Without copying any pictures, restate exactly the lines from the start of the records through the line containing "25日(土)に亡くなっていたナマケグマのゴマキ。献花台にはたくさ...".
### Data shown
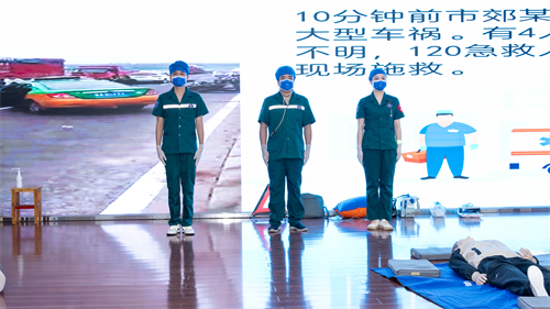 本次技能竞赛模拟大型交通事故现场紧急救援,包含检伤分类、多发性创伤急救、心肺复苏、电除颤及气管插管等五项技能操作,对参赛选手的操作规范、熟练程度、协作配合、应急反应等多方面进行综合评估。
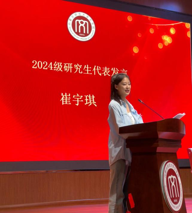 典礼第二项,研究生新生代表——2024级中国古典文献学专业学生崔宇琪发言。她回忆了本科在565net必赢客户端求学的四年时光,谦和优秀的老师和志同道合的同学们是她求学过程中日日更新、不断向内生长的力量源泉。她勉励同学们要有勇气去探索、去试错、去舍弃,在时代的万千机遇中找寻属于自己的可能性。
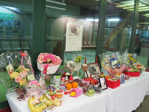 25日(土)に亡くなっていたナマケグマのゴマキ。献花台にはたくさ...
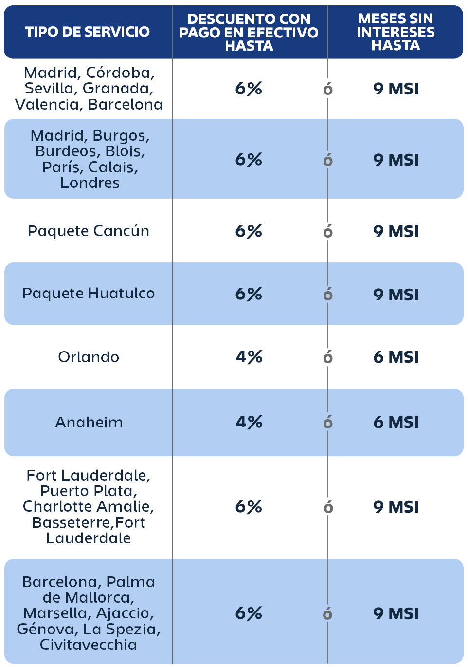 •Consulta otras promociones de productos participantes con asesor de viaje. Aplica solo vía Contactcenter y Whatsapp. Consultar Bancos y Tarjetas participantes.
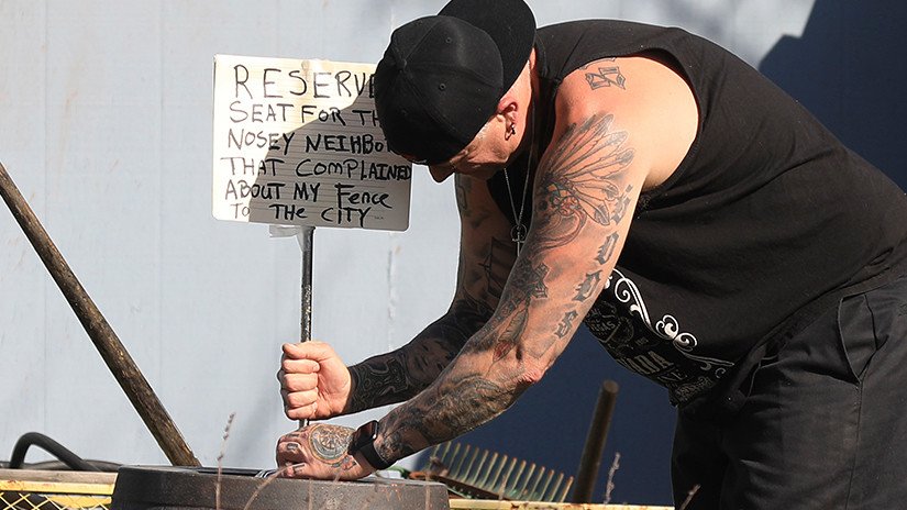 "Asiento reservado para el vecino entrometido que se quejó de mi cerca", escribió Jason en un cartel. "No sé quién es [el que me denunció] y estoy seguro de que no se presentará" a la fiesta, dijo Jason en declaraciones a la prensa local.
######
* _Exercise output_:
 本次技能竞赛模拟大型交通事故现场紧急救援,包含检伤分类、多发性创伤急救、心肺复苏、电除颤及气管插管等五项技能操作,对参赛选手的操作规范、熟练程度、协作配合、应急反应等多方面进行综合评估。
 典礼第二项,研究生新生代表——2024级中国古典文献学专业学生崔宇琪发言。她回忆了本科在565net必赢客户端求学的四年时光,谦和优秀的老师和志同道合的同学们是她求学过程中日日更新、不断向内生长的力量源泉。她勉励同学们要有勇气去探索、去试错、去舍弃,在时代的万千机遇中找寻属于自己的可能性。
 25日(土)に亡くなっていたナマケグマのゴマキ。献花台にはたくさ...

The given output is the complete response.